[Data — start]

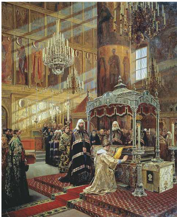
Царь Алексей Михайлович и Патриарх Никон перед гробницей святителя Филиппа

умирают его родители, а затем и все его дети. Для Никиты это стало знаком того, что мирская жизнь – не для него. Он убеждает свою жену уйти в монастырь, а сам принимает монашеский постриг с именем Никон . Способности и дарования монаха были очень скоро замечены, и его назначают игуменом (настоятелем) монастыря. По прошествии некоторого времени, он отправился в Москву, чтобы по традиции того времени явиться на поклон молодому царю Алексею Михайловичу . Необыкновенный ум и высочайшие дарования Никона были сразу же замечены царем. Царь велел Никону остаться в Москве, где он был назначен архимандритом Новоспасского монастыря .
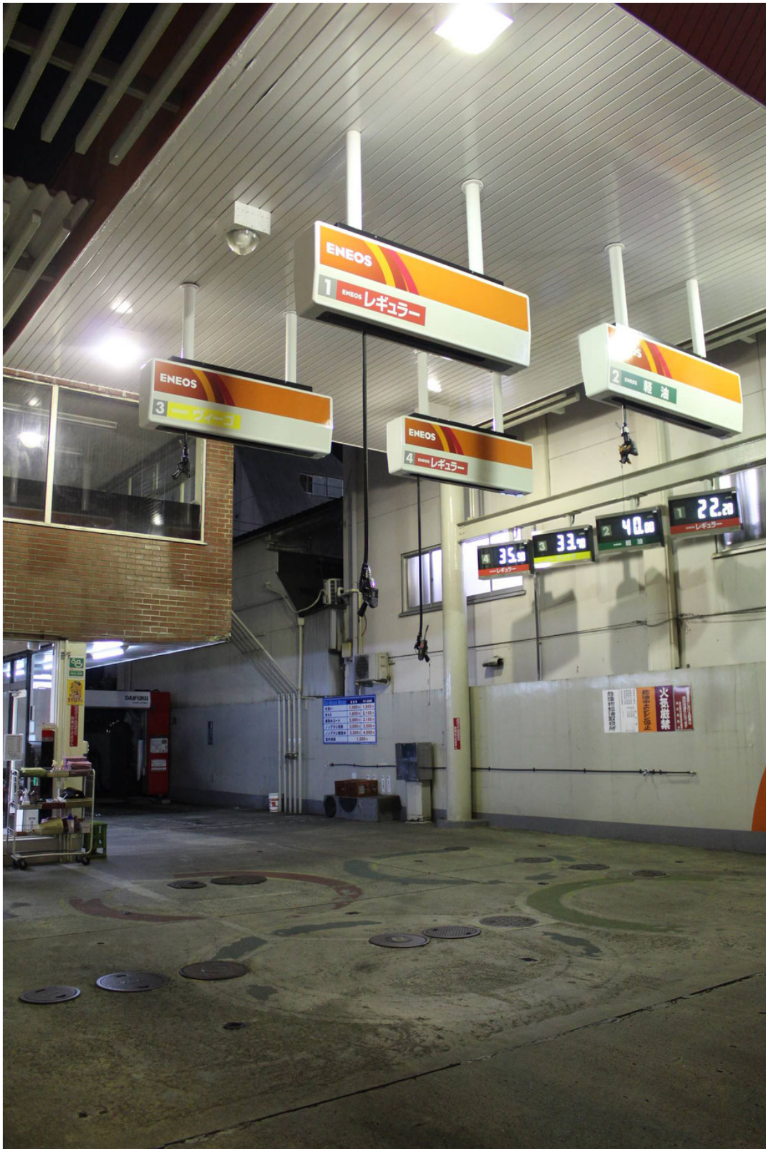
Station-service avec pompes suspendues...pour sauver de l'espace! (Tokyo)
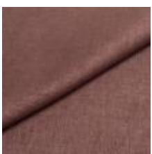
Lido trend 89 Heather 1017504

[Data — finish]

◆ **What needs to be done**:
Write down exactly the lines running from the line with "Station-service avec pompes" through the end of the material, both ends included, and none of the pictures.

◆ **Solved exercise**:
Station-service avec pompes suspendues...pour sauver de l'espace! (Tokyo)
Lido trend 89 Heather 1017504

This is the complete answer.